**Dataset section**

=== Section Start ===

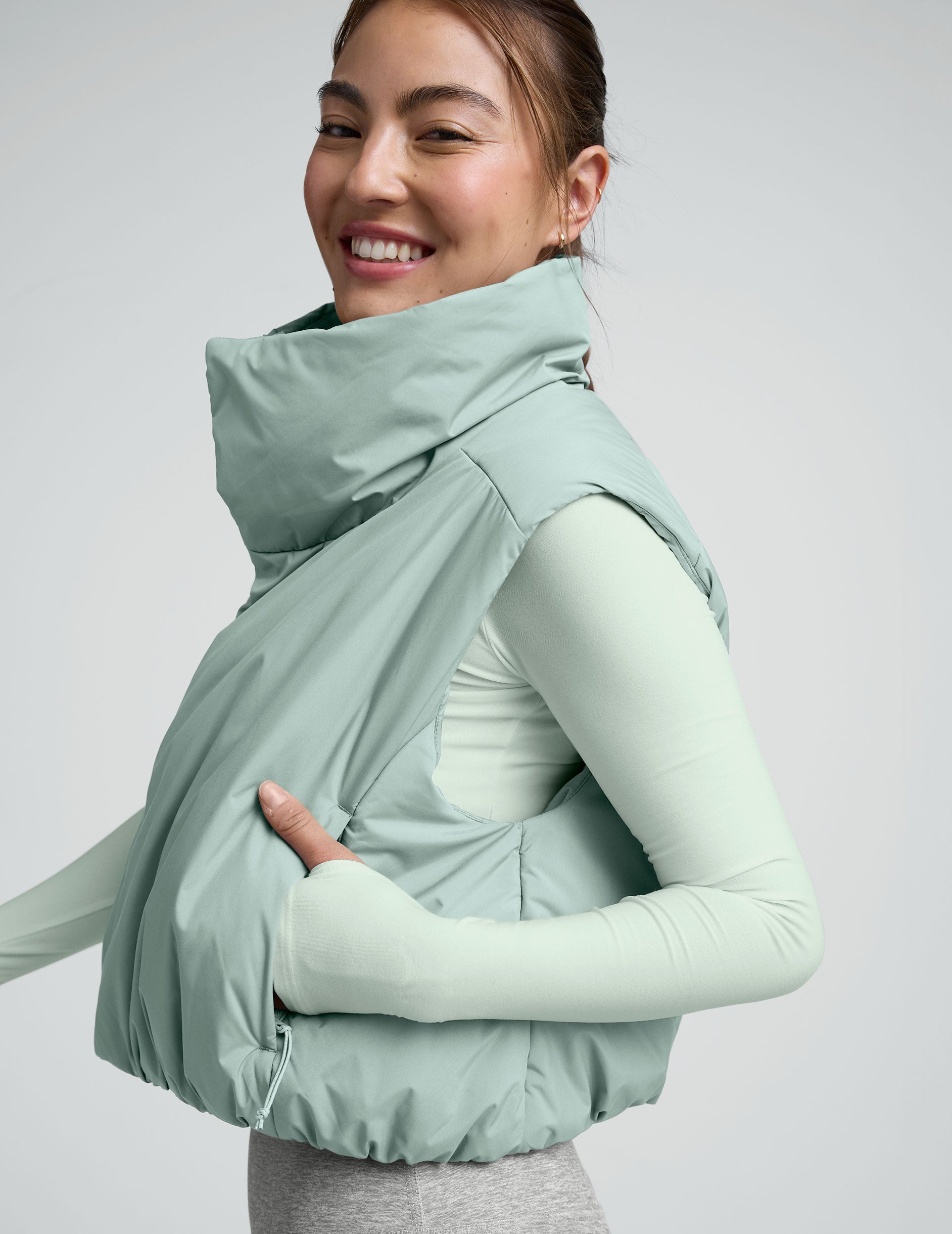 Stay cozy all season. Warm. lightweight. and water repellent. the Warm Up Puffer Vest has an oversized fit for easy layering.?
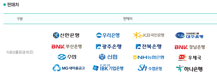 소상공인시장진흥공단 홈페이지에 보면 지류상품권은 총 16곳에서 구매 가능하다고 나와 있습니다.
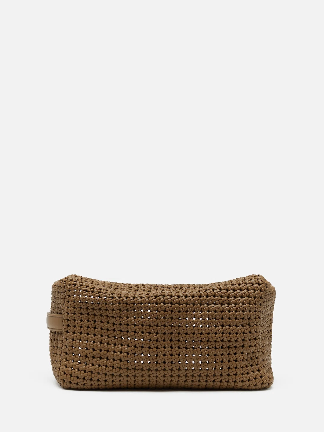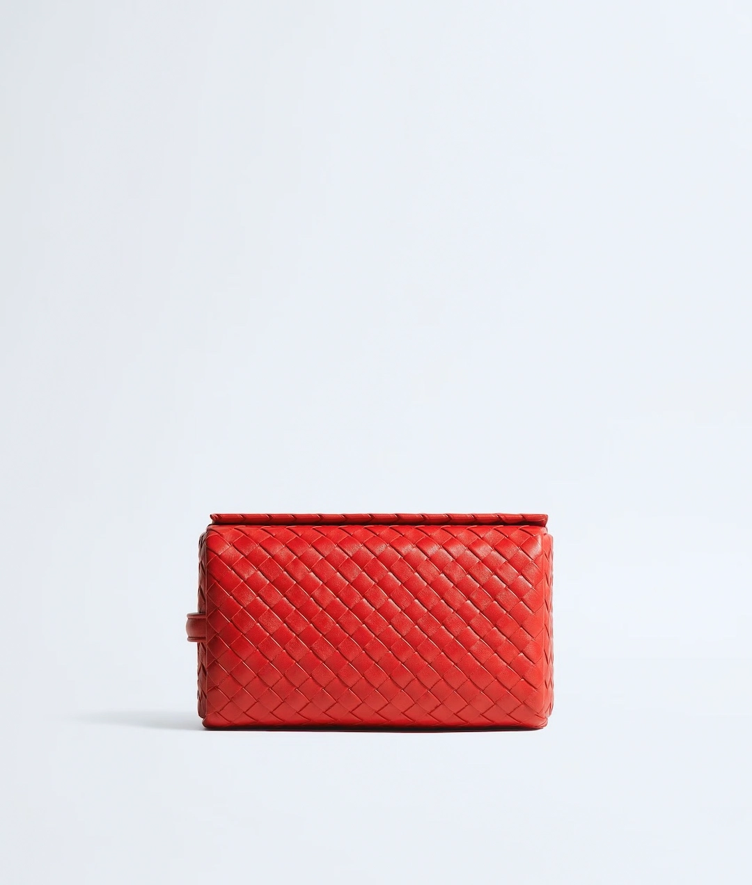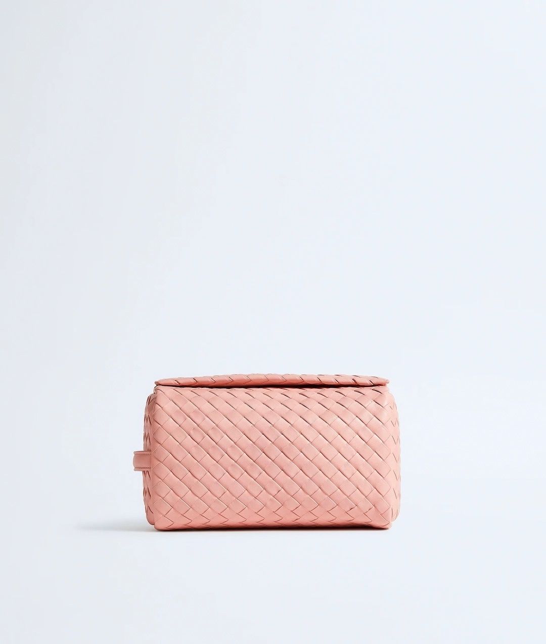 イントレチャート15で仕立てられており、ミニョンフェットゥーチェを用いることで、ソフトで立体感がある。前面から底面、背面、上部へとシームレスに続くメインパネルは、ファスナーを覆うフラップになっている。サイドパネルでポーチの構造を仕上げることで、ポーチ特有の長方形シルエットが際立つ。バッグ内側には、スエードのライニングが施されている。さらにファスナーポケットを付けることで、縦に持った時も小物が移動しないよう配慮されている。フラップでファスナーを隠し、2つの隠しマグネットでフラップを平らに保ったまましっかり閉じることができる。

=== Section End ===

**Problem requirements**
Would you mind transcribing the material exactly, without the pictures?

**Result of this exercise**
 Stay cozy all season. Warm. lightweight. and water repellent. the Warm Up Puffer Vest has an oversized fit for easy layering.?
 소상공인시장진흥공단 홈페이지에 보면 지류상품권은 총 16곳에서 구매 가능하다고 나와 있습니다.
 イントレチャート15で仕立てられており、ミニョンフェットゥーチェを用いることで、ソフトで立体感がある。前面から底面、背面、上部へとシームレスに続くメインパネルは、ファスナーを覆うフラップになっている。サイドパネルでポーチの構造を仕上げることで、ポーチ特有の長方形シルエットが際立つ。バッグ内側には、スエードのライニングが施されている。さらにファスナーポケットを付けることで、縦に持った時も小物が移動しないよう配慮されている。フラップでファスナーを隠し、2つの隠しマグネットでフラップを平らに保ったまましっかり閉じることができる。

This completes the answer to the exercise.